Midnight in Death (In Death #7.5)(2)



She opened her mouth, closed it again. Tricky ground, she acknowledged. “Commander, my name’s on the list.”

“Exactly. One more reason for you to take a pass here.”

Part of her wanted to—the part that wanted, badly, to put it all aside for the day, to go home and have the kind of normal Christmas she’d never experienced. But she thought of Wainger, stripped of all life and all dignity.

“I tracked David Palmer, and I broke him. He was my collar, and no one knows the inside of his mind the way I do.”

“Palmer?” Whitney’s wide brow furrowed. “Palmer’s in prison.”

“Not anymore. He escaped on the nineteenth. And he’s back, Commander. You could say I recognized his signature. The names on the list,” she continued, pressing her point. “They’re all connected to him. Wainger was the judge during his trial. Stephanie Ring was APA. Cicely Towers prosecuted the case, but she’s dead. Ring assisted. Carl Neissan was his court-appointed attorney when Palmer refused to hire his own counsel, Justine Polinksy served as jury foreman. Dr. Mira tested him and testified against him at trial. I brought him in.”

“The names on the list need to be notified.”

“Already done, sir, and bodyguards assigned. I can pull the data from the files into my home unit to refresh my memory, but it’s fairly fresh as it is. You don’t forget someone like David Palmer. Another primary will have to start at the beginning, taking time that we don’t have. I know this man, how he works, how he thinks. What he wants.”

“What he wants, Lieutenant?”

“What he always wanted. Acknowledgment for his genius.”

“It’s your case, Dallas,” Whitney said after a long silence. “Close it.”

“Yes, sir.”

She broke transmission as she drove through the gates of the staggering estate that Roarke had made his home.

Ice from the previous night’s storm glinted like silver silk on naked branches. Ornamental shrubs and evergreens glistened with it. Beyond them, the house rose and spread, an elegant fortress, a testament to an earlier century with its beautiful stone, its acres of glass.

In the gloomy half-light of morning, gorgeously decorated trees shimmered in several windows. Roarke, she thought with a little smile, had gotten heavily into the Christmas spirit.

Neither of them had had much in the way of pretty holiday trees with gaily wrapped gifts stacked under them in their lives. Their childhoods had been miseries, and they had compensated for it in different ways. His had been to acquire, to become one of the richest and most powerful men in the world. By whatever means available. Hers had been to take control, to become part of the system that had failed her when she was a child.

Hers was law. His was—or had been—circumventing law.

Now, not quite a year since another murder had put them on the same ground, they were a unit. She wondered if she would ever understand how they’d managed it.

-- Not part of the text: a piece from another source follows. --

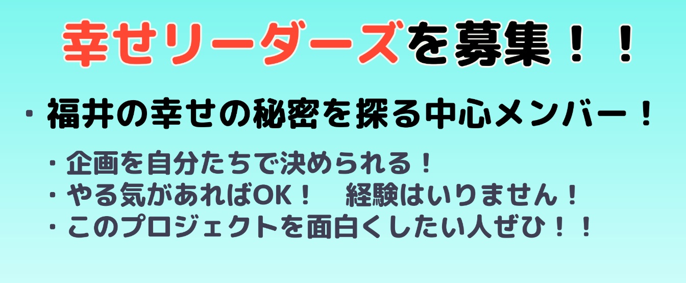 まずは、福井県の幸福度No.1の理由を解明することを通して、福井のことをよく知っていくことになります。

She left her car out front, walked up the steps and through the door into the kind of wealth that fantasies were made of. Old polished wood, sparkling crystal, ancient rugs lovingly preserved, art that museums would have wept for.

She shrugged off her jacket, started to toss it over the newel post. Then, gritting her teeth, she backtracked and hung it up. She and Summerset, Roarke’s aide-de-camp, had declared a tacit truce in their sniping war. There would be no potshots on Christmas, she decided.

She could stand it if he could.

Only marginally pleased that he didn’t slither into the foyer and hiss at her as he normally did, Eve headed into the main parlor.

Roarke was there, sitting by the fire, reading the first-edition copy of Yeats that she’d given him. It had been the only gift she’d been able to come up with for the man who not only had everything but owned most of the plants where it was manufactured.

He glanced up, smiled at her. Her stomach fluttered, as it so often did. Just a look, just a smile, and her system went jittery. He looked so… perfect, she thought. He was dressed casually for the day, in black, his long, lean body relaxing in a chair probably made two hundred years before.

He had the face of a god with slightly wicked intentions, eyes of blazing Irish blue and a mouth created to destroy a woman’s control. Power sat attractively on him, as sleek and sexy, Eve thought, as the rich fall of black hair that skimmed nearly to his shoulders.

He closed the book, set it aside, then held out a hand to her.

“I’m sorry I had to leave.” She crossed to him, linked her fingers with his. “I’m sorrier that I’m going to have to go up and work, at least for a few hours.”

“Got a minute first?”

“Yeah, maybe. Just.” And she let him pull her down into his lap. Let herself close her eyes and simply wallow there, in the scent and the feel of him. “Not exactly the kind of day you’d planned.”

“That’s what I get for marrying a cop.” Ireland sang quietly in his voice, the lilt of a sexy poet. “For loving one,” he added, and tipped her face up to kiss her.

“It’s a pretty lousy deal right now.”

“Not from where I’m sitting.” He combed his fingers through her short brown hair. “You’re what I want, Eve, the woman who leaves her home to stand over the dead. And the one who knew what a copy of Yeats would mean to me.”